The standard explicitly allows the implementation to avoid the creation of temporaries, including _R. But how is that done? Actually quite simple. When processing function the compiler knows that Y has as only purpose in life to serve as the seed from which _R is copied, and the lifetimes of the two objects are intimately bound: destruction of Y and construction of _R are basically simultaneous. The compiler can avoid creating two separate objects, and just use the same memory location for both.

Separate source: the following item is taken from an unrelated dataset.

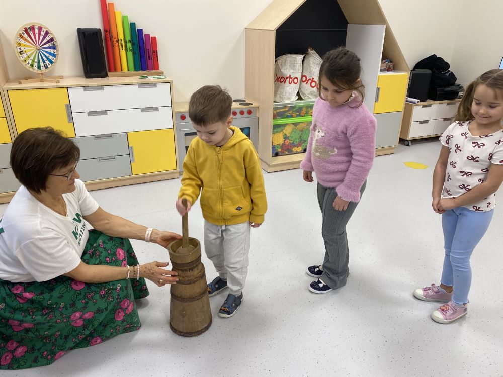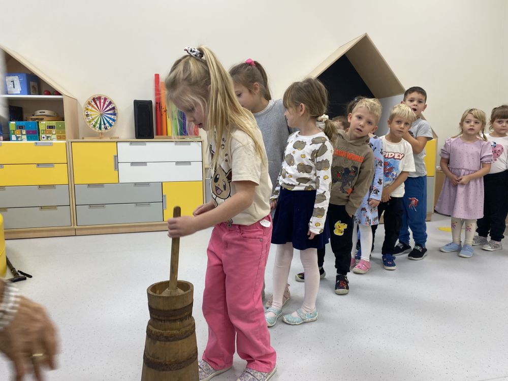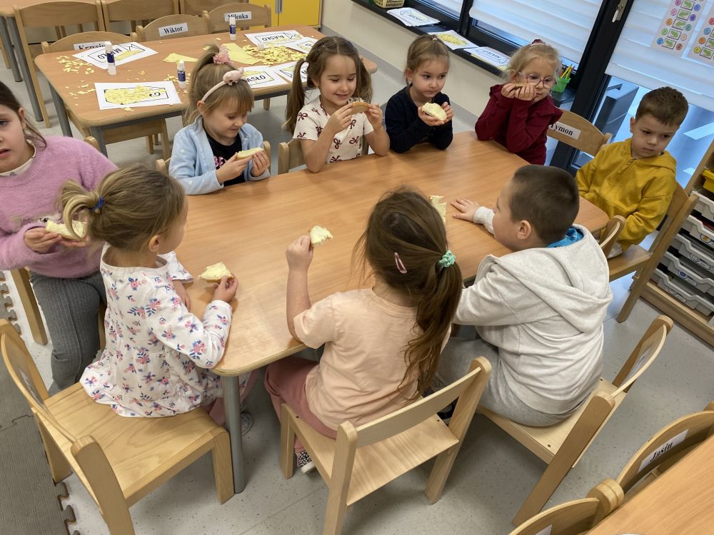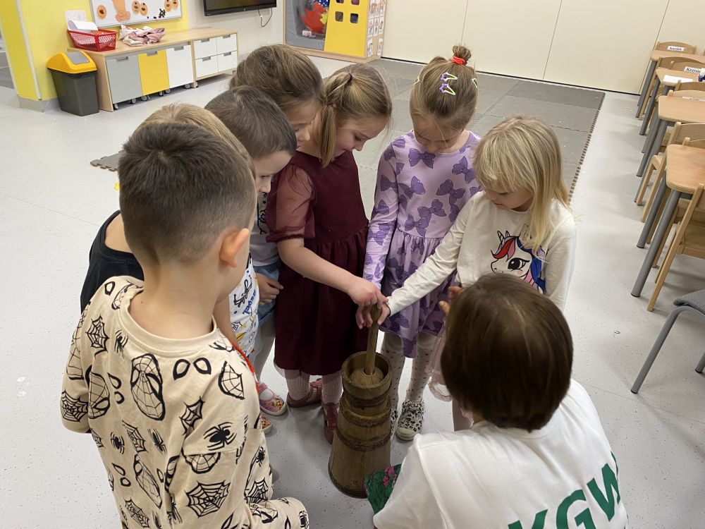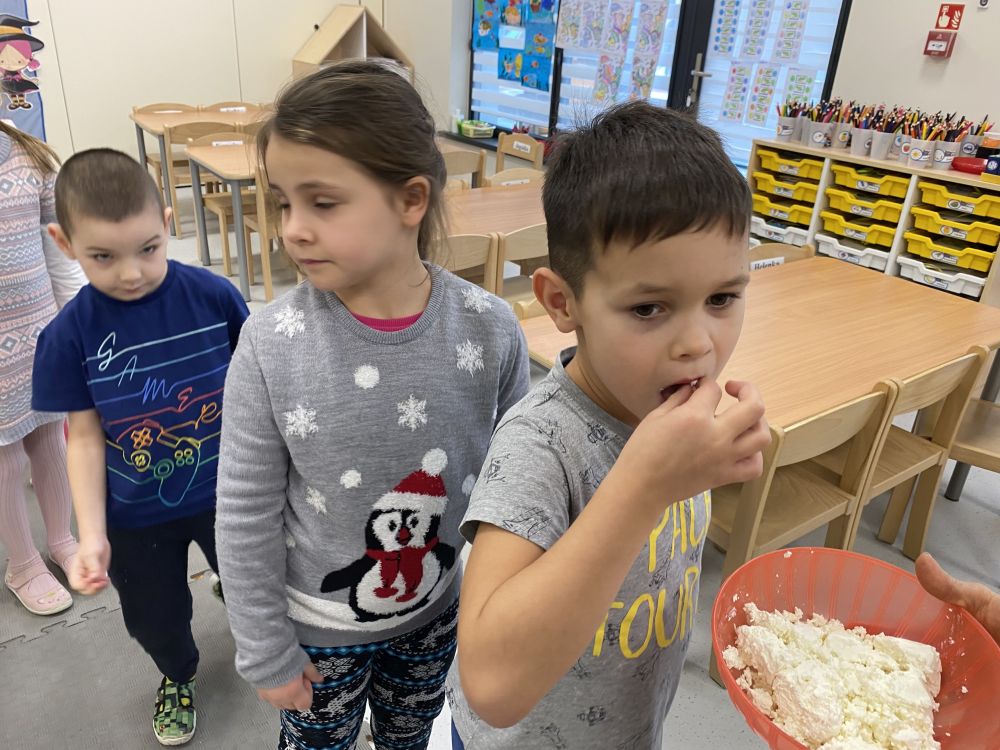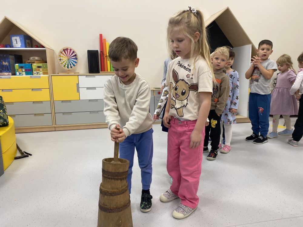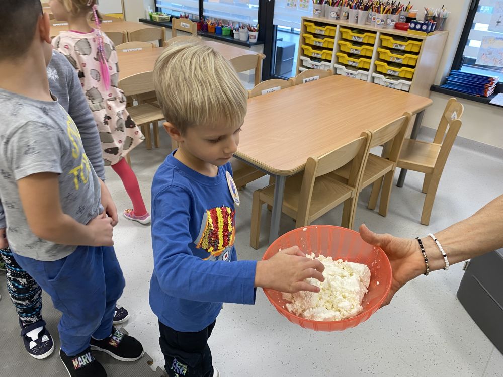 Dzieci w ramach projektu robiły masło i twaróg. Dzięki warsztatom dowiedziały się, jak powstają tradycyjne produkty spożywcze – od ubijania śmietany, aż po oddzielanie serwatki przy produkcji twarogu. Poznały różnice między produktami świeżymi a przetworzonymi, zobaczyły, jak ważna jest cierpliwość podczas pracy oraz jak wiele można zrobić samodzielnie z prostych składników. Na koniec każdy spróbował wykonanego przez siebie wyrobu, z dumą kosztując efektów własnej pracy.
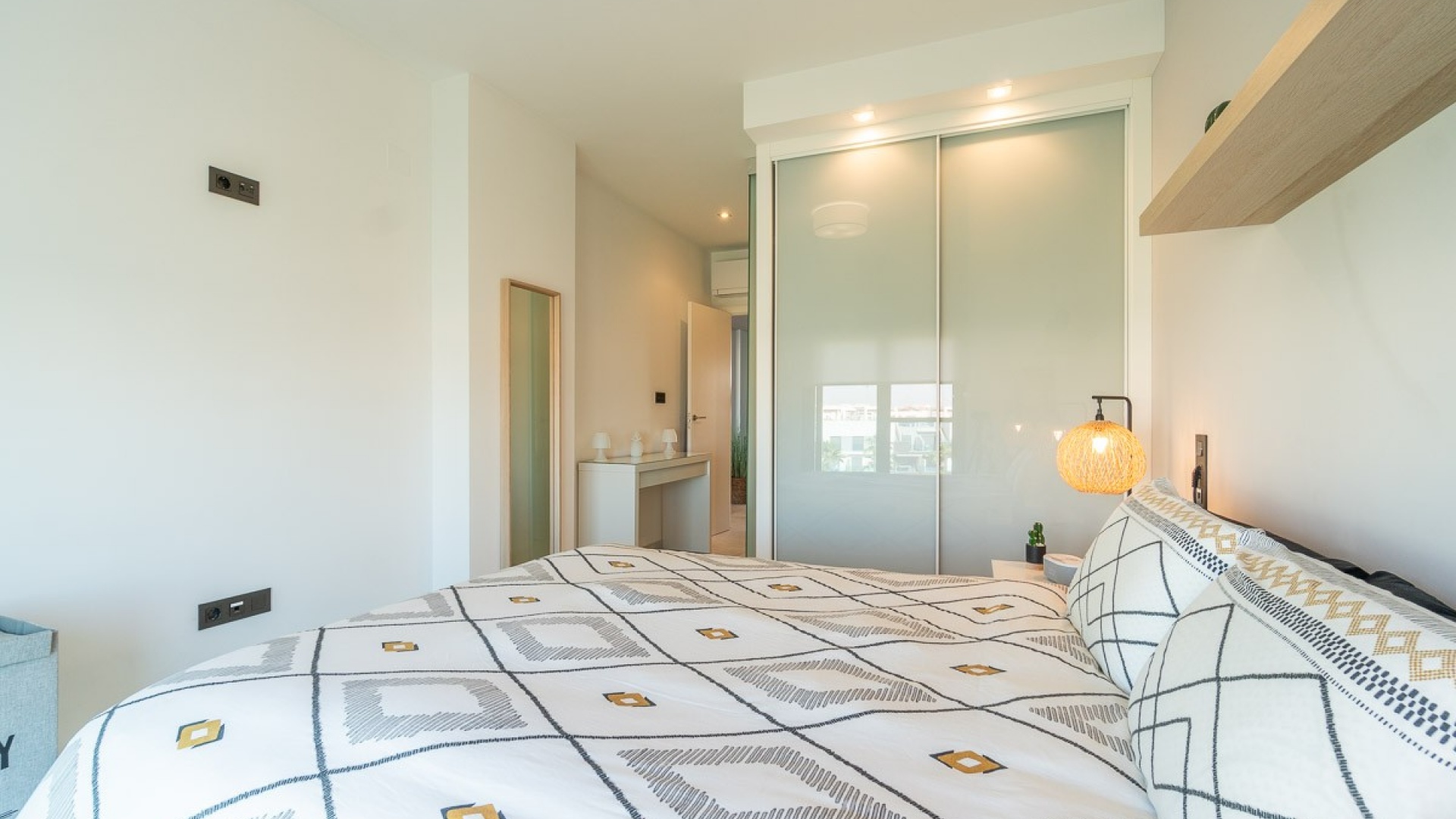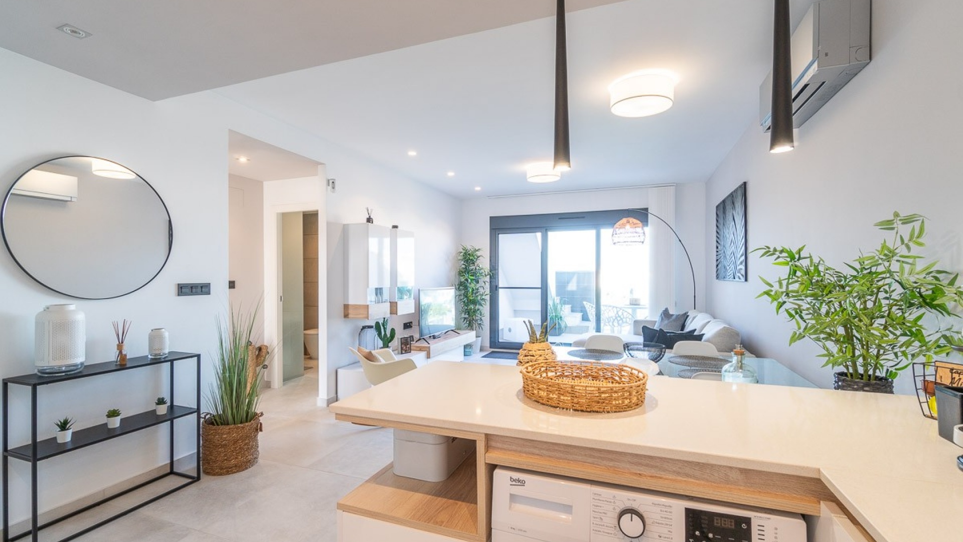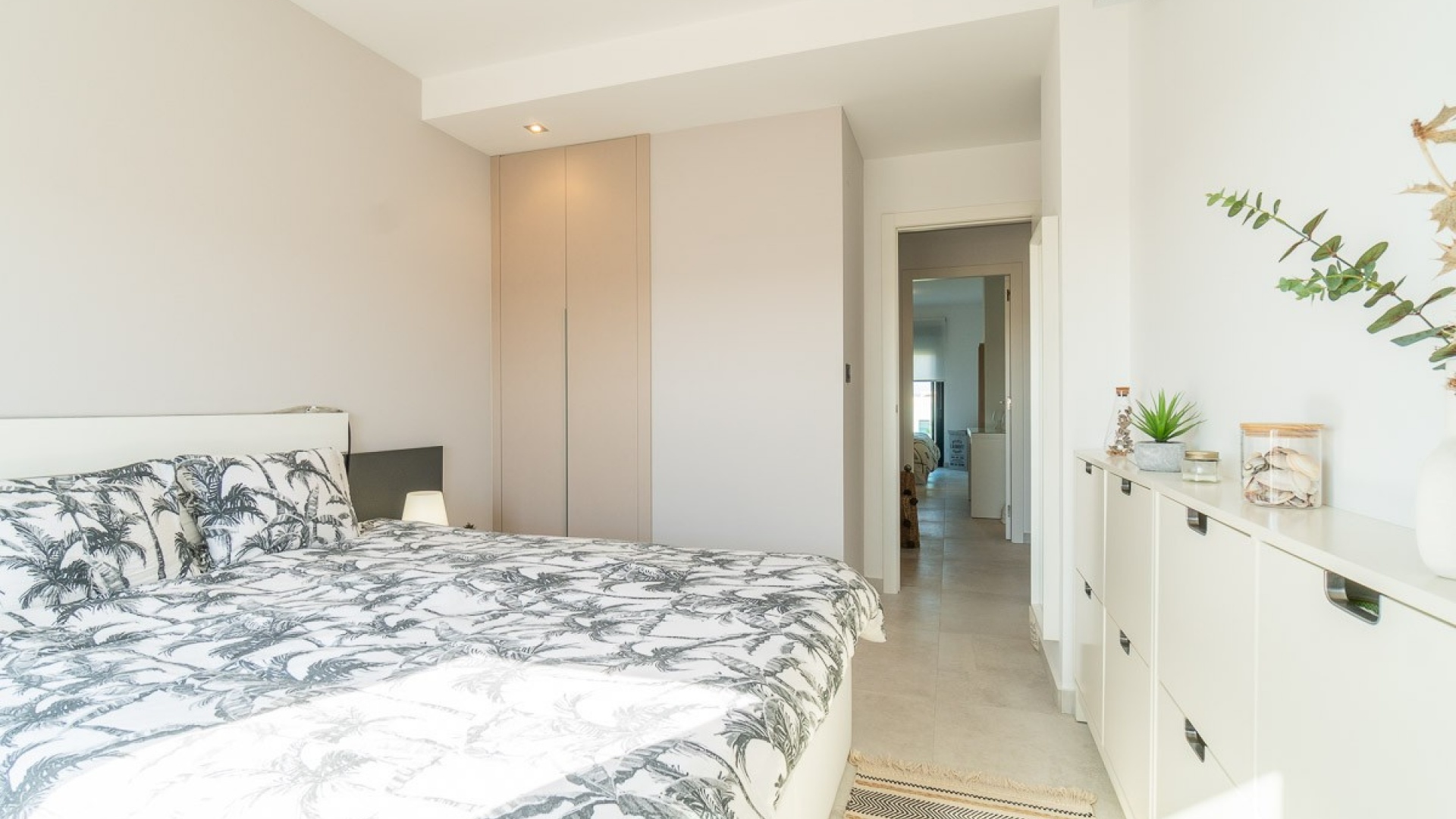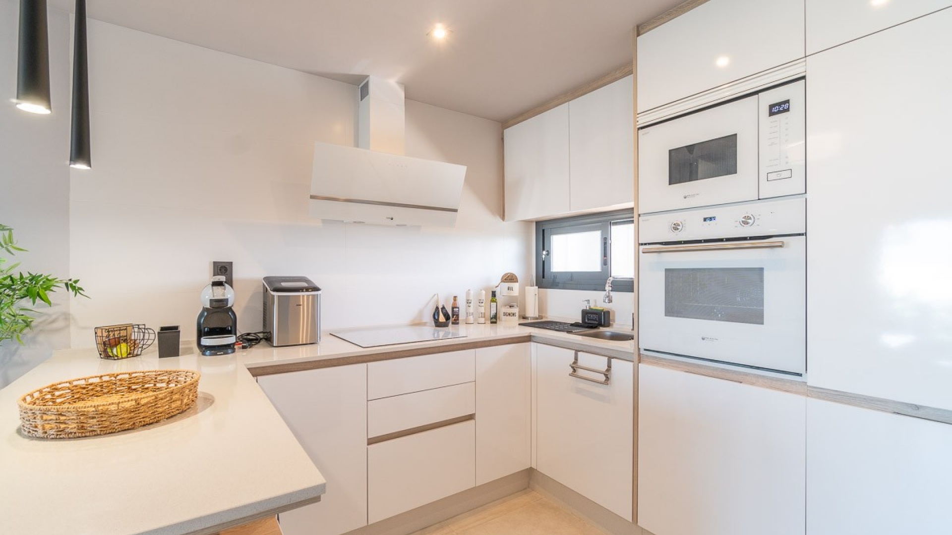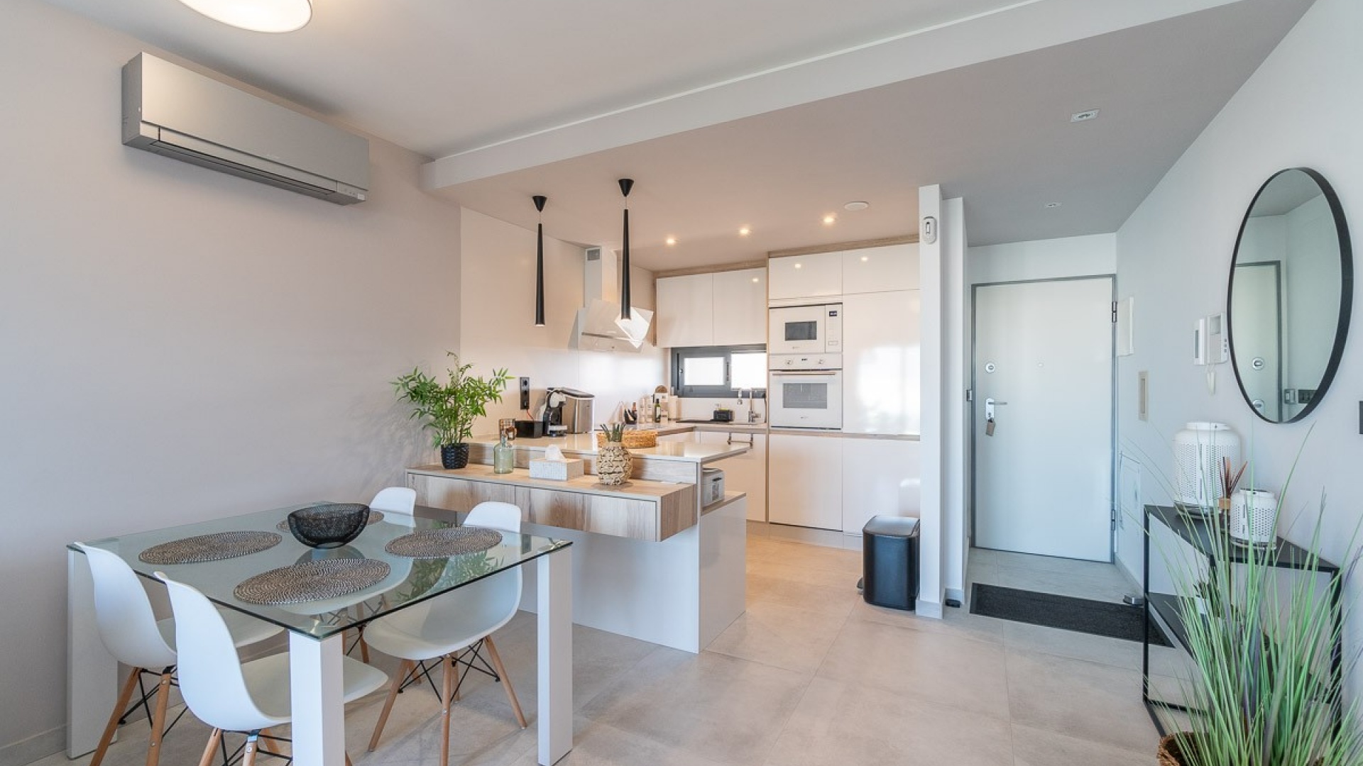 L'appartement est entièrement meublé dans un style contemporain, avec des meubles aux lignes épurées et des tons neutres qui apportent élégance et fonctionnalité. Depuis le salon, vous pouvez accéder à une terrasse privée, idéale pour profiter du climat méditerranéen et de la vue sur les espaces communs. De plus, la propriété dispose d'un solarium exclusif à l'étage supérieur, offrant un espace extérieur supplémentaire parfait pour se détendre, bronzer ou profiter de repas en plein air en toute intimité.

The first question that comes to mind, is which object is not created, Y or _R. None, or both of them, or maybe it does not matter. _R cannot be removed from the program, as it is a contract with the callers of the program its location is outside of the control of the compiler when processing the function. But all the code in function uses Y so it cannot be removed either, unless the object called Y inside function is located over the agreed location of the _R object. The single object is both Y and _R.

The case of RVO is similar, in the case where the object that is being returned by the function is a temporary itself (without a name). The fact that the temporary does not have a name does not mean that it does not exist, it will take the place of Y in the discussion above.

When can the compiler apply this optimization

The (unnamed) Return Value Optimization can basically applied mostly anywhere. The creation of the temporary inside function can be done in place of the returned object. In the more complex case of Named-RVO, it all depends on how the function is implemented. Compilers are quite smart and can apply the optimization in many different cases, but not always.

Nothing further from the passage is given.